### AIM OF THE EXERCISE
Return, without pictures, the lines from the start of the data through the one that contains "株式会社Lappi(代表取締".

### RECORDED DATA
########################################

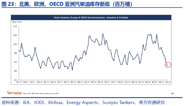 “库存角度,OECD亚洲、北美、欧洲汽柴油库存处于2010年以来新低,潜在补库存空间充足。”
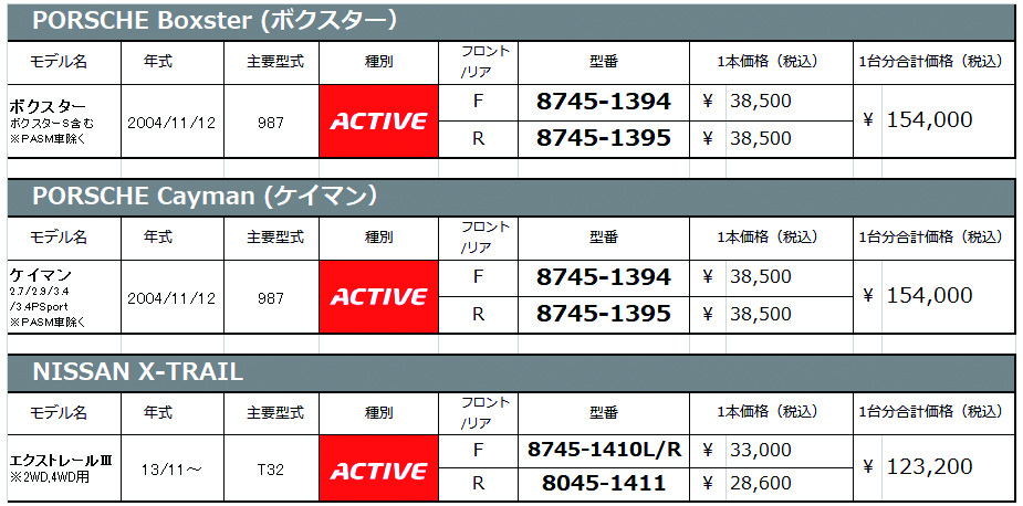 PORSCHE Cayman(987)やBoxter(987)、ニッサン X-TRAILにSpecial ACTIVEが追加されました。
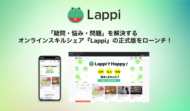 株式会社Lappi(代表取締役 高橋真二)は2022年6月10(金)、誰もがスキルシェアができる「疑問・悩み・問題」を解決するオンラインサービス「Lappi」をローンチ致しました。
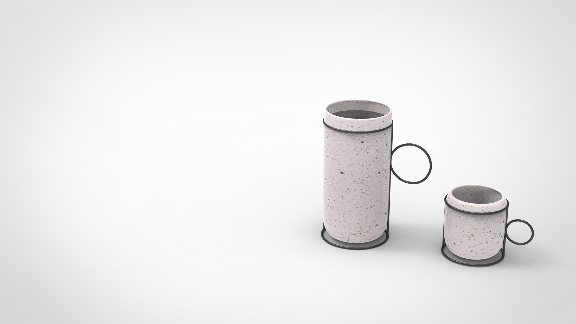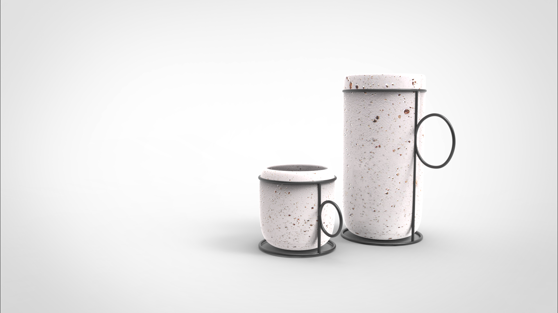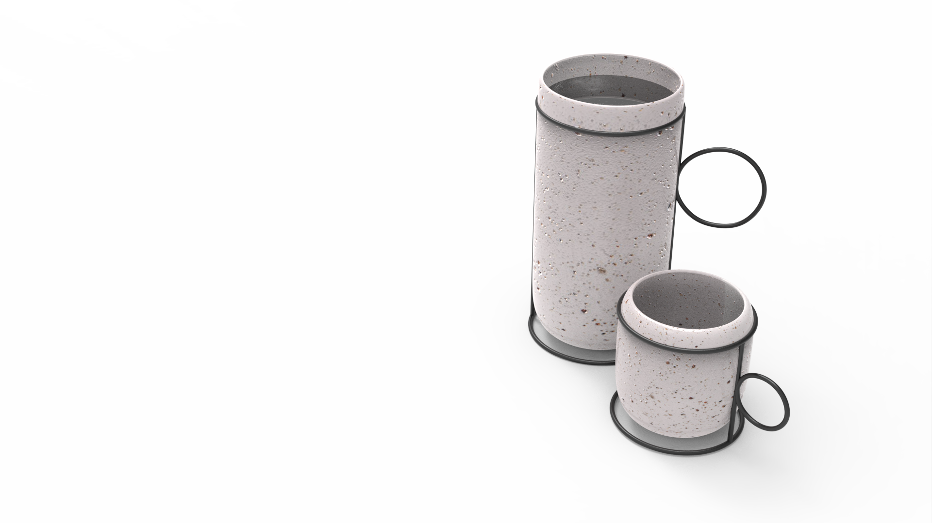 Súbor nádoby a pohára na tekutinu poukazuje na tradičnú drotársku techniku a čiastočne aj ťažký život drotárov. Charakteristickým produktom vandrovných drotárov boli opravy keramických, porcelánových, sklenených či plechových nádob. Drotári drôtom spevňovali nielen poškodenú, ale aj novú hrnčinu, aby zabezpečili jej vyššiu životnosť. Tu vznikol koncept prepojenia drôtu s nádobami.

########################################

### ANSWER SECTION
 “库存角度,OECD亚洲、北美、欧洲汽柴油库存处于2010年以来新低,潜在补库存空间充足。”
 PORSCHE Cayman(987)やBoxter(987)、ニッサン X-TRAILにSpecial ACTIVEが追加されました。
 株式会社Lappi(代表取締役 高橋真二)は2022年6月10(金)、誰もがスキルシェアができる「疑問・悩み・問題」を解決するオンラインサービス「Lappi」をローンチ致しました。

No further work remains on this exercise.